■ **Stored data**:
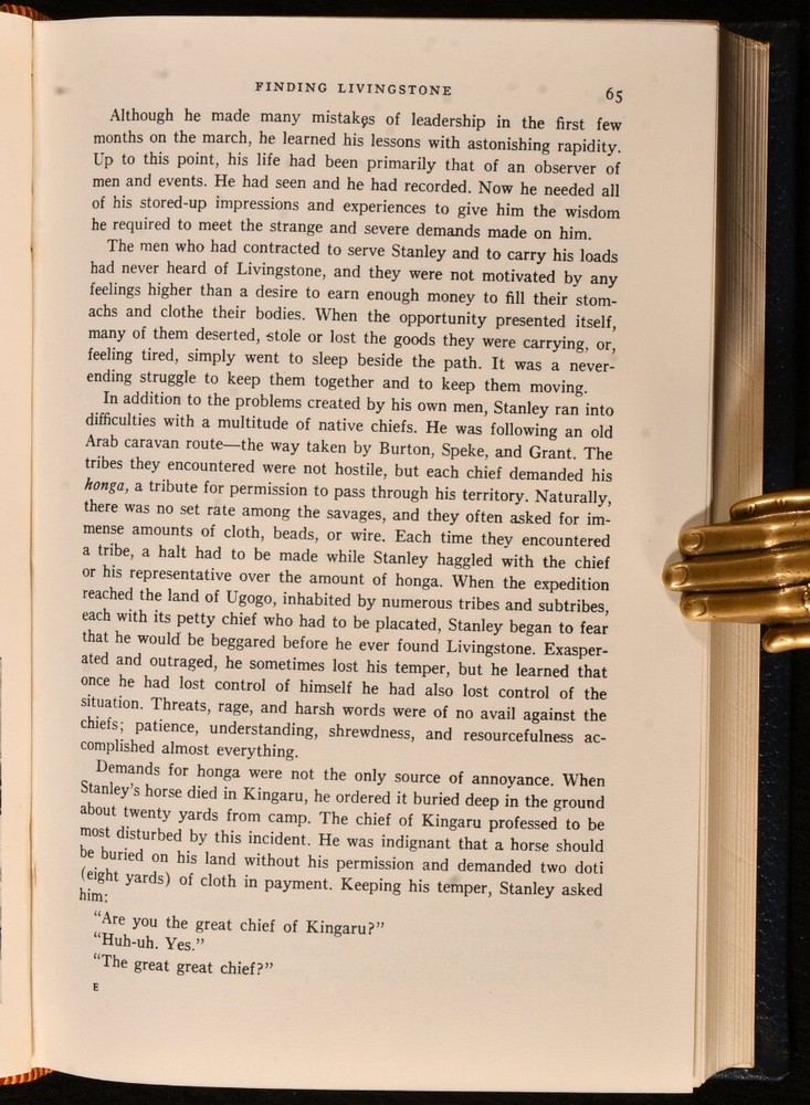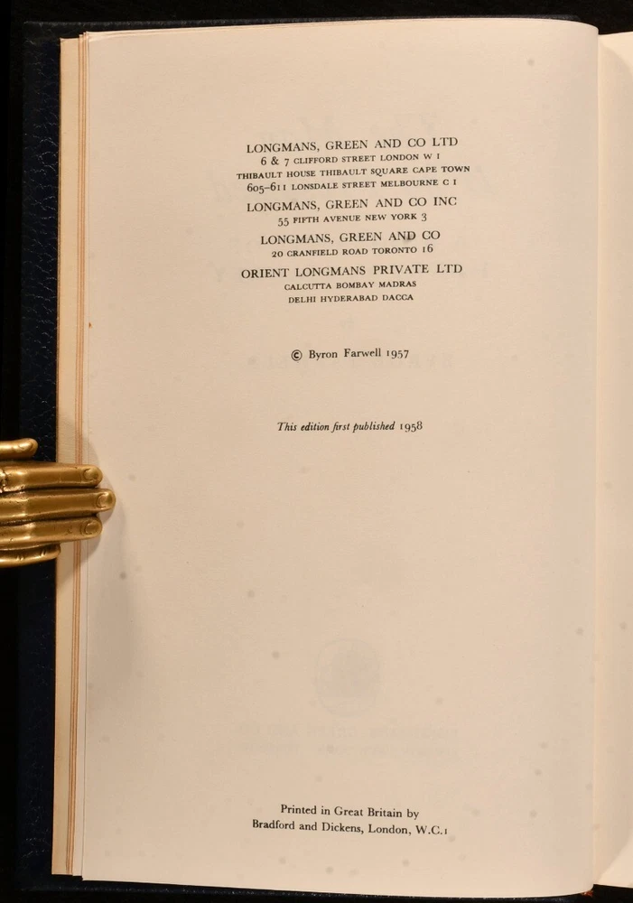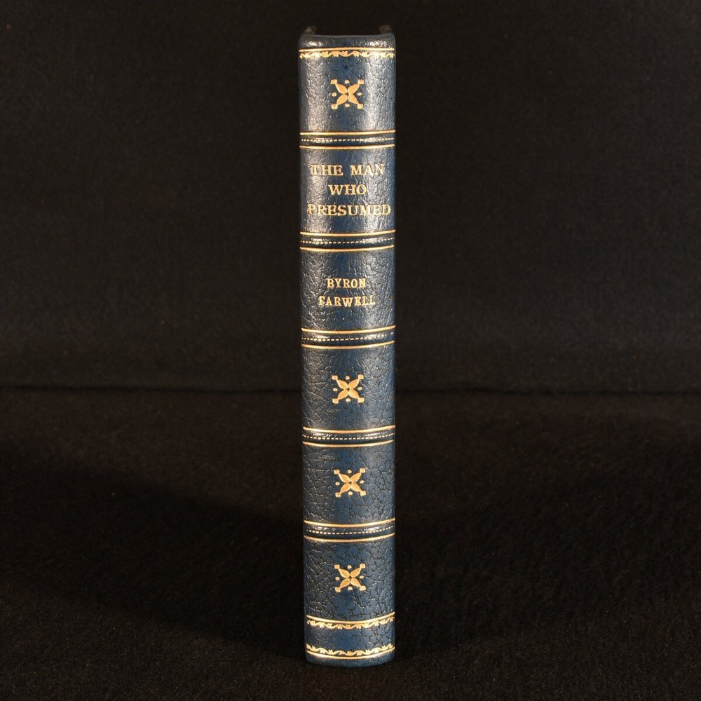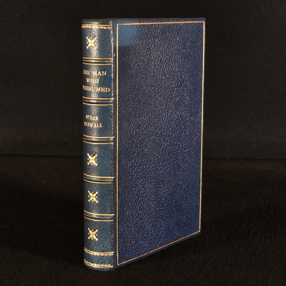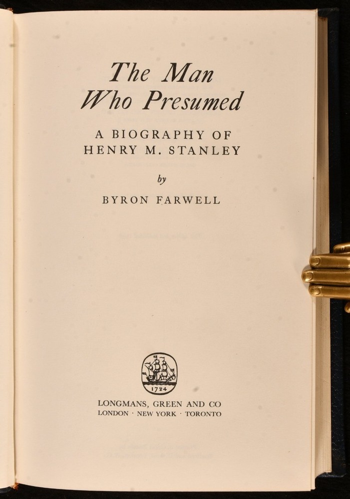 Click here to see our other books! The Man who Presumed: A Biography of Henry M. Stanley Byron Farwell 1958 Longmans, Green & Co. : London 9" by 6" viii, 1-334pp SUMMARY The first UK edition of Byron Falwell's biographical account of the life of the great African explorer Henry M. Stanley, in a full morocco binding. First Edition,Illustrated,Leather Binding Overall Condition: Near Fine This book weighs 1 KG when packed UK Postage: £ 3.99 US Postage: £ 22.99 EU Postage : £ 16.99 European Postage: £ 17.99 Asia Postage: £ 22.99 Worldwide Postage: £ 28.99 DESCRIPTION The first UK edition of this work, which was first published the year prior. With twenty illustrated plates. Collated, complete. The author provides an account of the life of Stanley, from his childhood to his journey to America, his service in the American Civil War, his African explorations, and his eventual marriage. Including an account of his exploration of Central Africa, and his search for missionary and explorer David Livingstone. With the morocco bookplate of W.A. Foyle of Beeleigh Abbey to the front pastedown. William Foyle founded Foyles bookshop in 1903 alongside his brother. He purchased Beeleigh Abbey during the Second World War, an impressive twelfth century monastery in Essex. Beeleigh housed his library, one of the largest private libraries in England. CONDITION In a full morocco binding. Externally, exceptionally lovely, with a small area of fading to head of front board. Bookplate to front pastedown. Internally, firmly bound. Pages clean and bright. Overall Condition: Near Fine GLOSSARY OF TERMS Overall Condition (Dustwrapper condition rating is shown after that for the book itself, where a dustwrapper is present) Fine - Very well preserved copy showing very little wear Very Good Indeed - Only one or two minor faults, really a very attractive copy Very Good - Quite a wide term meaning no major faults but probably several smaller ones often expected given the age of the book, but still a respectable copy Good - Meaning not very good. Some more serious faults as will be described in the condition report under 'condition' Good Only - Meaning one or more faults that could really do with repair Fair - As with good only above but with other faults leaving a compromised copy even after repair Poor - Really bad and possibly seriously incomplete. We only sell books in this condition where their rarity or value makes them attractive none the less. Major defects will be described. GUARANTEE We offer a full money back guarantee on our descriptions. Please ask for details and conditions. We prefer PAYPAL. If you pay via PAYPAL we will post the item off the same or the next working day with the postage you have selected. Please note we cannot accept USD cheques
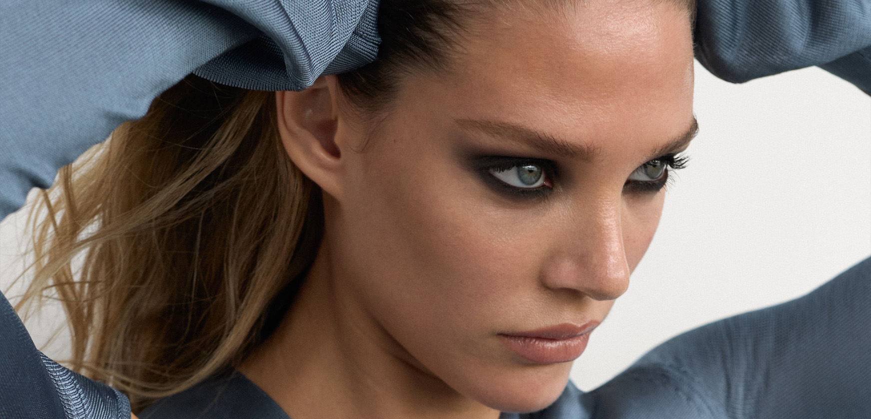Highlighter Reflect Highlighter, no tom Pearl, € 46; lápis de contorno Contour Stylus, no tom Travertine, € 40; lápis de sobrancelha Babyblade, no tom Medium Brown, € 37; gel de sobrancelhas Featherfix, no tom Medium Brunette, € 35; eyeliner Satin Kajal, no tom Black, € 34; sombras de olhos Smoky Eye Brick, no tom Tuxedo, € 66; lápis de lábios Lip Definer, no tom No. 02; e batom Posh, no tom Girl, € 44, tudo VICTORIA BECKHAM BEAUTY.
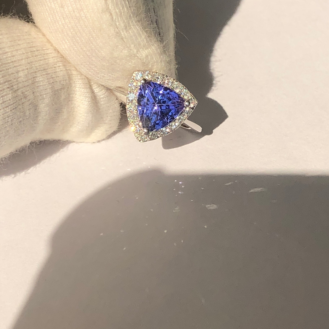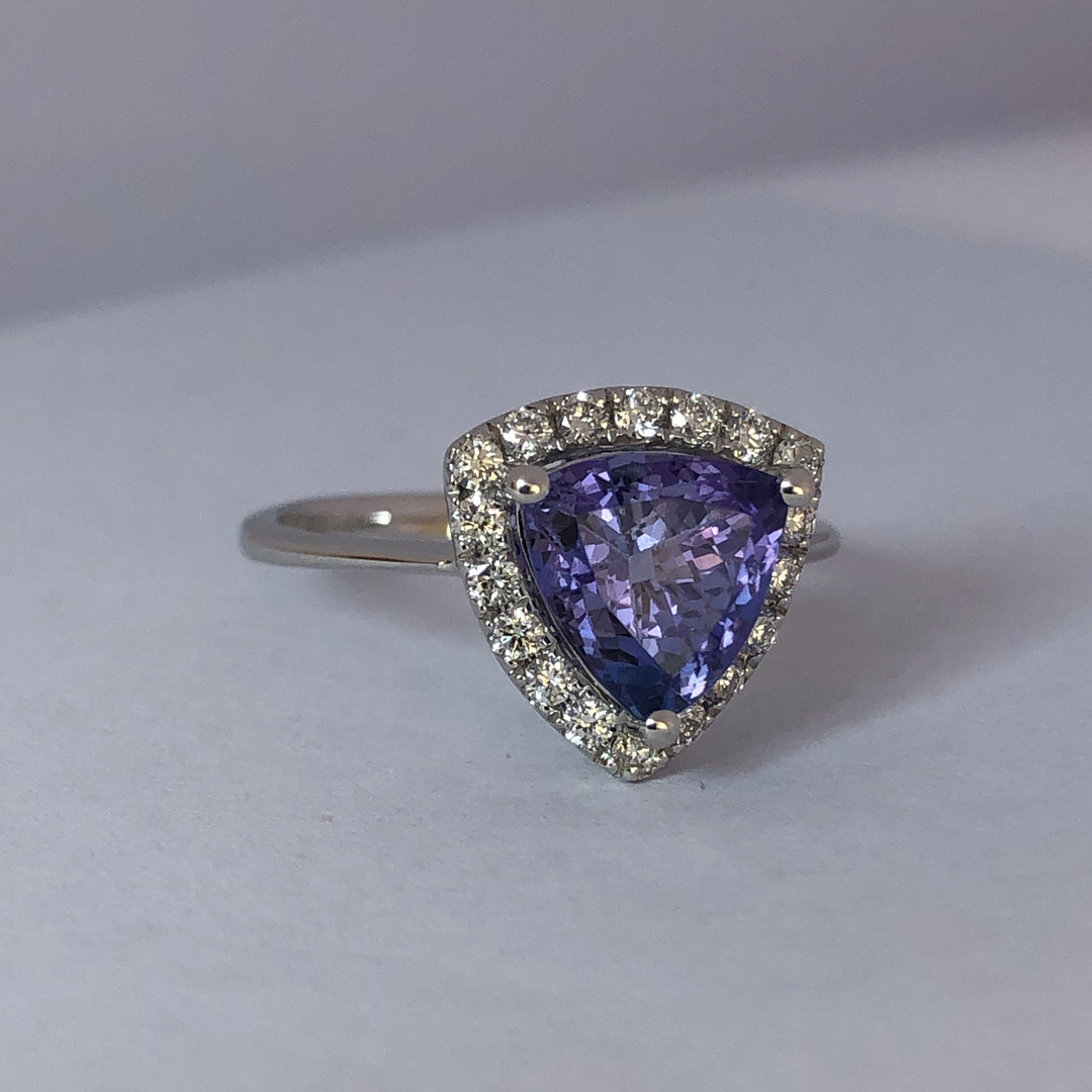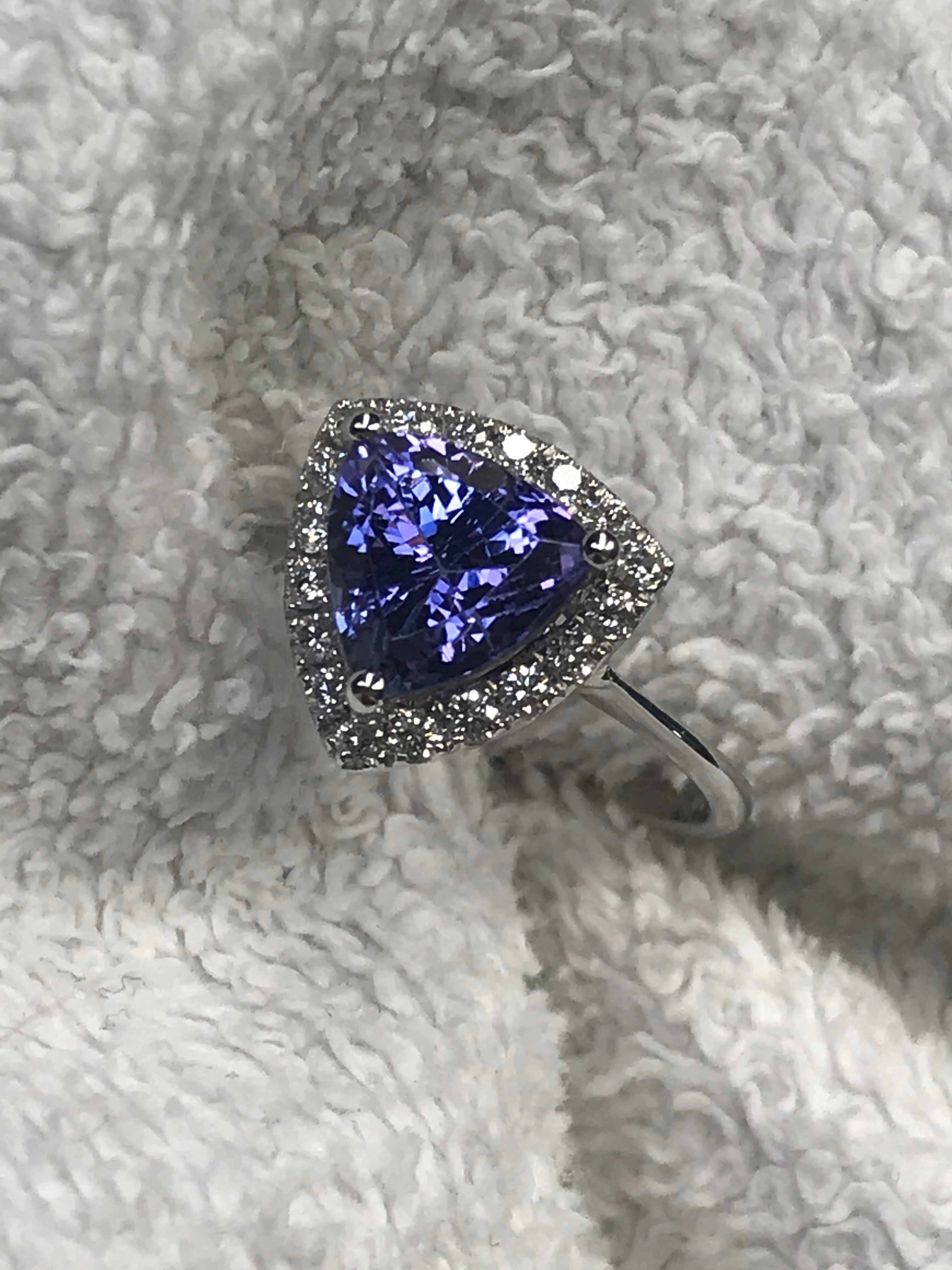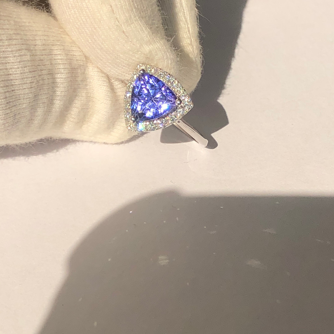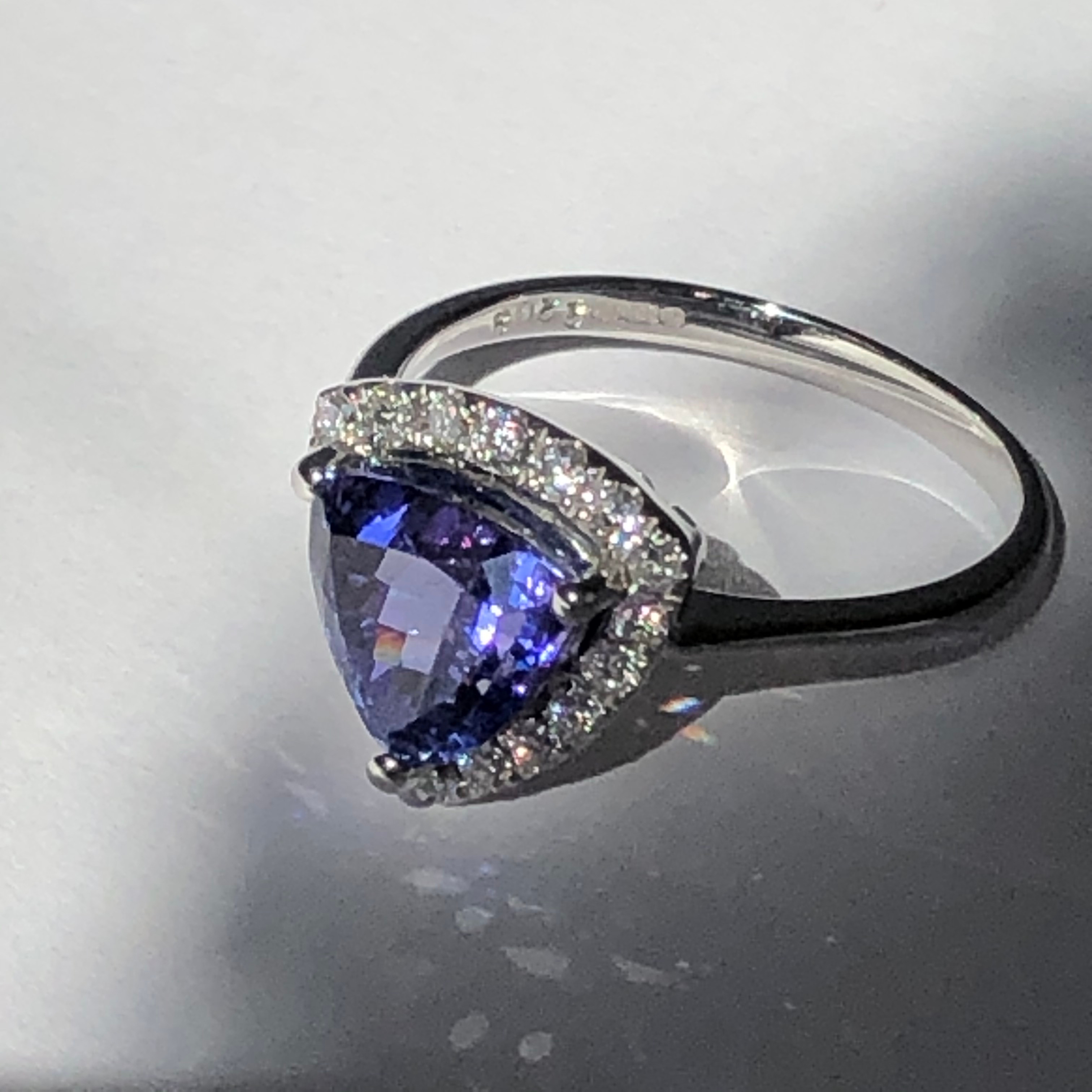 1326679. TRILLION CUT TANZANITE & DIAMOND RING.

■ **To do**: Each line from the one containing "Highlighter Reflect Highlighter, no" through the last line of the listing is to be given again exactly, with no pictures and no other lines.

■ **Reply to the exercise**:
Highlighter Reflect Highlighter, no tom Pearl, € 46; lápis de contorno Contour Stylus, no tom Travertine, € 40; lápis de sobrancelha Babyblade, no tom Medium Brown, € 37; gel de sobrancelhas Featherfix, no tom Medium Brunette, € 35; eyeliner Satin Kajal, no tom Black, € 34; sombras de olhos Smoky Eye Brick, no tom Tuxedo, € 66; lápis de lábios Lip Definer, no tom No. 02; e batom Posh, no tom Girl, € 44, tudo VICTORIA BECKHAM BEAUTY.
 1326679. TRILLION CUT TANZANITE & DIAMOND RING.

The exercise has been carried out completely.